The battle was to have a great effect on Flinders’ career. While his calmness under fire and his skills of observation and expression impressed his superiors, the pivotal outcome of the battle for Flinders was the retirement from active command of his first patron, Rear-Admiral Thomas Pasley, who lost a leg to a cannon ball in the battle as his protege sat on deck making notes.
This left Flinders free to move on to another stage of his naval career, as he was no longer duty-bound to serve with his great supporter and mentor.

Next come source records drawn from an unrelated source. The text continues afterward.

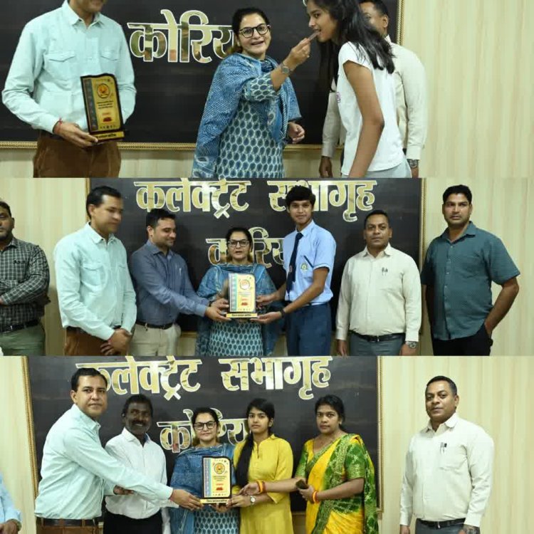 उत्कृष्ट परीक्षा परिणाम हासिल करने वाले छात्रों का सम्मान समारोह कलेक्ट्रेट सभाकक्ष, बैकुण्ठपुर में आयोजित किया गया। इस अवसर पर कलेक्टर श्रीमती चंदन त्रिपाठी ने जिले के टॉप 5 छात्रों को सम्मानित किया।
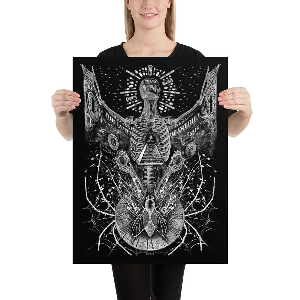 The Capitalist Demon. Represents the chaos and catastrophe going on in our society - the halo of pills symbolizes the healthcare system. The wings represent the economy while the "All Seeing Eye" is for the country being ruled by secret societies. The bee is for us, the worker bees and the trees and birds symbolize that little bit of freedom that we do get - from time to time. This truly captivating work is now available on museum-quality posters made on thick matte paper.
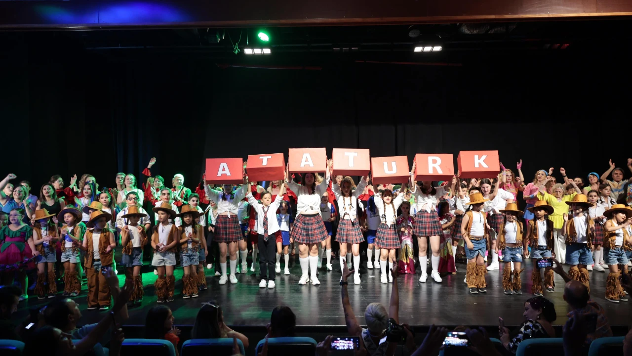 Konak Belediyesi’nin çocuk kursiyerleri tarafından sahnelenen müzik dinletisi, renkli görüntülere sahne oldu. Salonu dolduran izleyiciler, miniklerin performanslarına coşkulu alkışlarla eşlik etti. Roman Kültür Orkestrası’nın kulakların pasını silen ritimlerinin yanı sıra Çok Sesli Çocuk Korosu’nun seslendirdiği “Parla”, “Ey Özgürlük”, “Güzel Günler Göreceğiz” ve “İzmir Marşı” büyük alkış topladı. Çocuk ve yetişkin kursiyerlerin yıl boyunca hazırlandıkları dans gösterileri ise göz doldurdu. Renkli kostümleriyle salonda şölen havası estiren kursiyerler, gösterinin finalinde anlamlı bir koreografiyle sahnedeydi. Manifest grubunun “Arıyo” şarkısının sonuna eklenen “Hak, Hukuk, Adalet” sloganıyla sosyal medyada bir akıma dönüşen dansı sahneye taşıyan kursiyerler, ellerinde ise “Mustafa Kemal Atatürk” yazılı dövizler taşıdı. O anlar salonu tıklım tıklım dolduran izleyiciler tarafından dakikalarca ayakta alkışlandı.
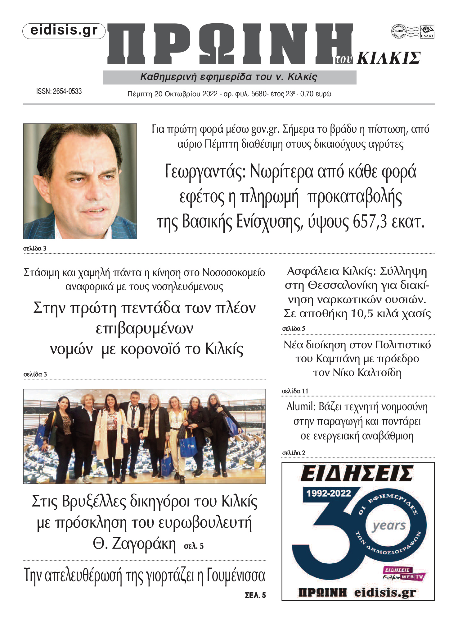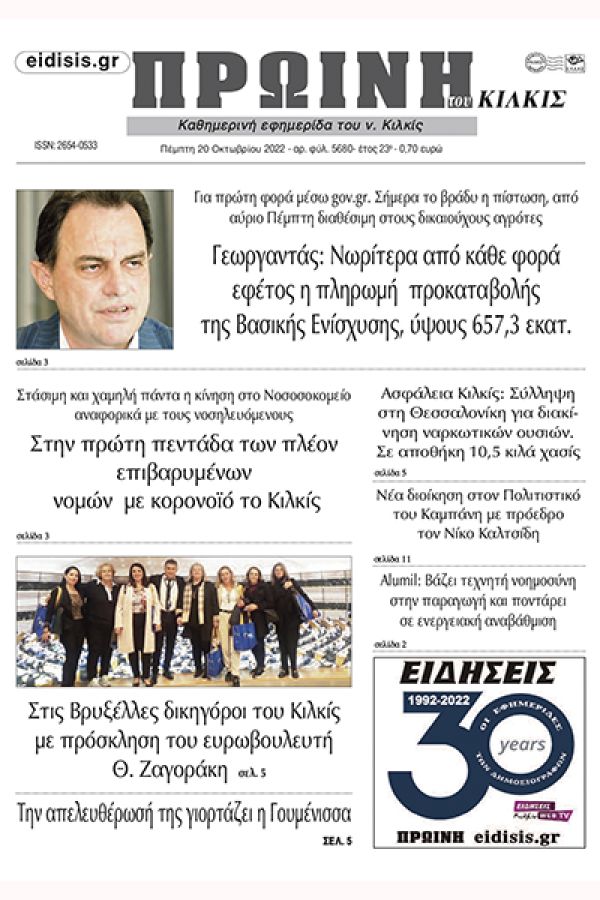 Διαβάστε το νέο πρωτοσέλιδο της Πρωινής του Κιλκίς, μοναδικής καθημερινής εφημερίδας του ν. Κιλκίς (20-10-2022)
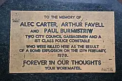 A plaque was unveiled at the site of the explosion in George Street on 13 February 2008, the 30th anniversary of the blast.
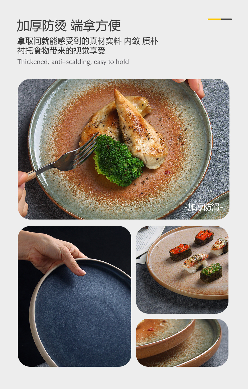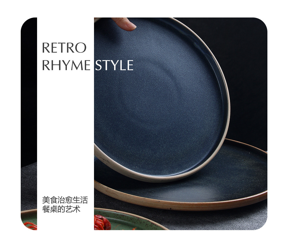 일본 세라믹 디너 플레이트, 심플한 복고풍 스타일의 접시, 식기, 서양 음식 과일 접시, 파스타 접시, 가정용 샐러드 접시 도매
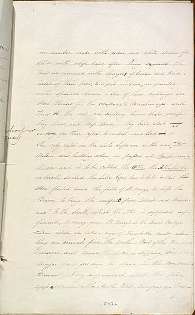 MacDonell, John. Description of Lake Athabasca and the Chipweans, ca. 1805 and Journal of a Voyage from Lachine to Fort River Qu'Appelle, 1793. An electronic transcription. MFTP #0005 in number made with cedar and white spruce fir split with whip saws after being suquared, the Roofs are couvered with shingles of Cedar and Pine, most of their posts[,] Doors[,] and windows[,] are painted with spanish brown[.] Six of these buildings are Store Houses for the company's Merchandizes and Furs &c., the rest are dwelling houses[,] shops[,] compting house and Mess House[.] [T]hey have also a warf or kay for their vessel to unload and Load at[.] The only vessel on the Lake Superior is the new Mr Nelson was building when we passed at Point aux Pins and is to be called the tter, the thabaska which sailed to Lake before her is to be floated down the falls of St Mary, to help the Beaver to bring the needfull from Detroit and Mackinac to the Sault, which the otter is supposed sufficient, to convey from St Mary's to the Grand Portage an in return she takes a cargo of Furs to the Sault when they are arrived from the North[.] Part of the Company's Furs are sent Round the Lakes in Shipping, but the major part goes down the ottawa in the Montreal Canoes[.] Every improvement about this place appartains to the North West Company. Between two [79] L E G E N D : |
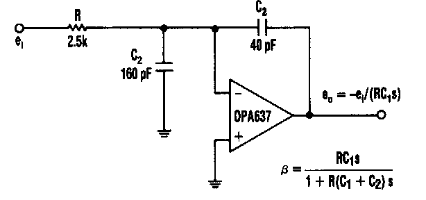 Encontramos este circuito numa Electronic Design dos anos 90. Através de um capacitor ele consegue aumentar a taxa de crescimento de um sinal, conforme a fórmula ao lado do diagrama.
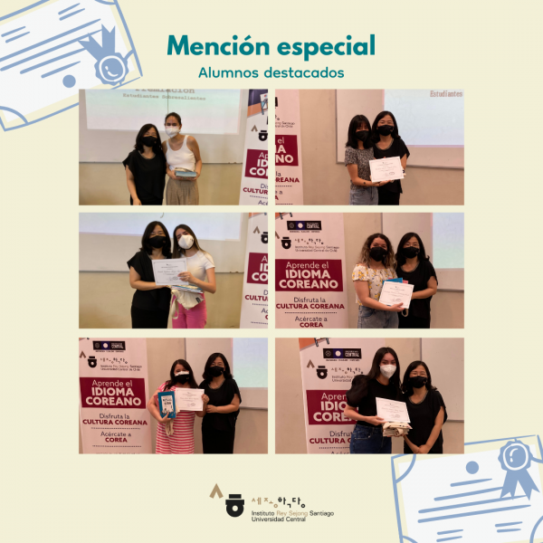 Durante la actividad, los y las estudiantes recibieron sus certificados de aprobación, además del libro “Hwaiting: Palabras Intraducibles de la Lengua Coreana” como regalo de finalización. También se premió a un estudiante sobresaliente por nivel quienes recibieron como premios distintos libros de aprendizaje del idioma, además de un certificado de reconocimiento. Por otra parte, se hizo entrega del premio, una Galaxy Tab S7, enviado directamente por la Fundación Instituto Rey Sejong, para los primeros lugares del Concurso de Oratoria y de Escritura en Coreano realizado en julio de 2021. Para finalizar la actividad, los estudiantes compartieron cuál ha sido el impacto en su vida y los cambios que han notado al estudiar el idioma y la cultura de Corea.
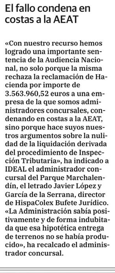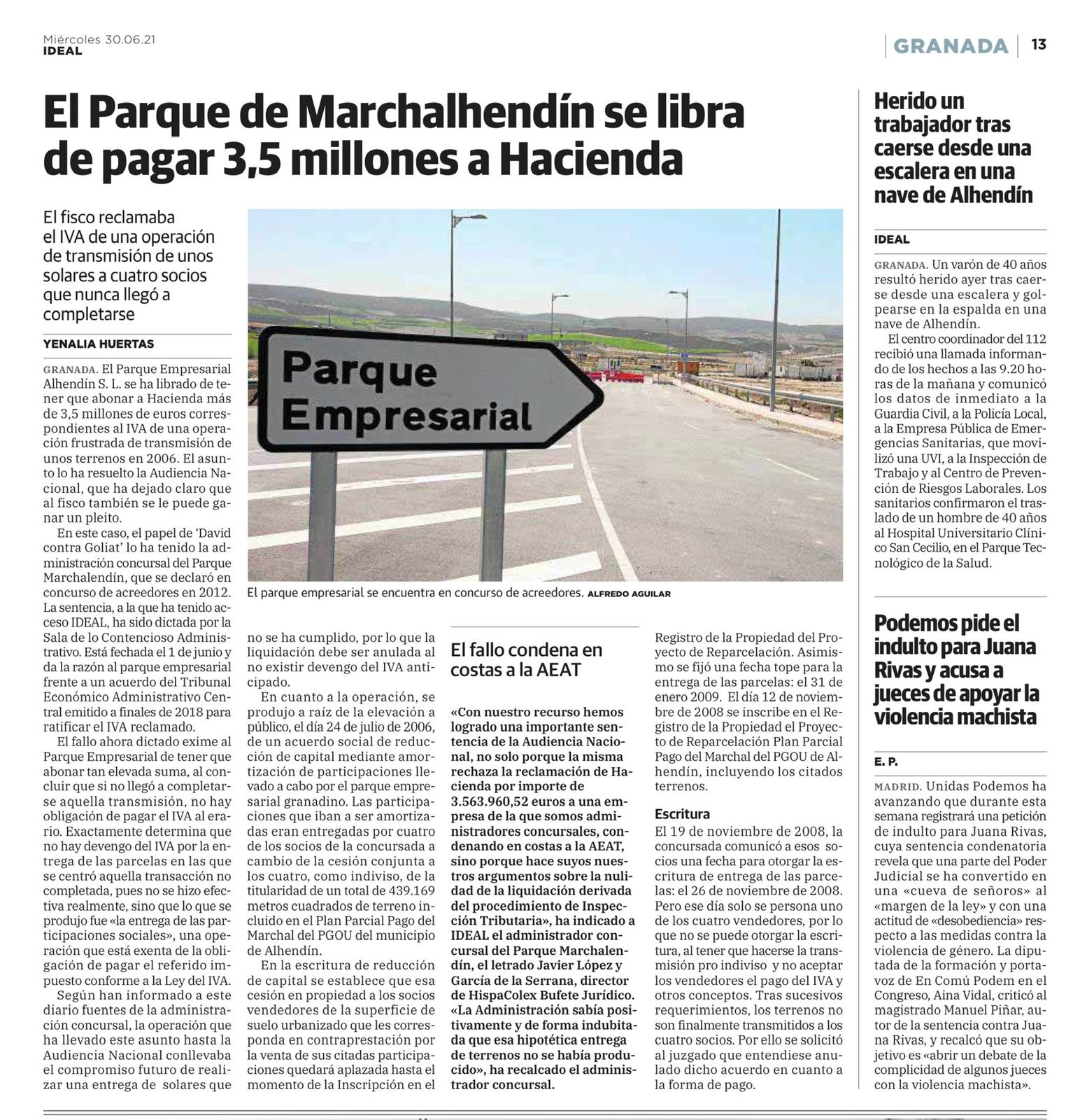 30/06/2021 IDEAL: El Parque de Marchalhendín se libra de pagar 3,5 millones a Hacienda Extracto de la noticia del diario IDEAL  Abogados en Granada, Málaga y Jaén < AnteriorSiguiente > Los comentarios están cerrados.

Following the Third Battle of Ushant, while the Bellerophon was being repaired, her fifth lieutenant, Henry Waterhouse, was appointed captain of HMS Reliance. This ship was to convey the second governor of New South Wales, John Hunter—a First Fleet veteran, as captain of the escort warship HMS Sirius—to the other side of the world to take up his post. Flinders saw his chance. Using his connection with Waterhouse, he joined the Reliance as midshipman and sailed from Plymouth in February 1795, bound for the penal colony, which had been largely forgotten by the Admiralty during the tumultuous years of war with the French. On board was another native of Lincolnshire, ship’s surgeon George Bass.
Bass was three years older than Flinders. A Lincolnshire farmer’s son, he also had a grammar school education after his father died when he was seven years old. He became a surgeon at eighteen, having joined the navy after being apprenticed to a local doctor for five years.
Bass had an adventurous spirit and had brought a small boat, 8 feet by 5 feet, on board the Reliance with the intention of exploring the waterways of the new colony—he called it Tom Thumb. He had also brought a servant boy, William Martin, with him.
Flinders made good use of the voyage out to New South Wales to develop friendships with both Governor Hunter and George Bass and, in October 1795, he and Bass and Martin explored the George’s River in Tom Thumb. The young explorers were encouraged and supported by Governor Hunter and their voyage led to the settlement of Bankstown being established.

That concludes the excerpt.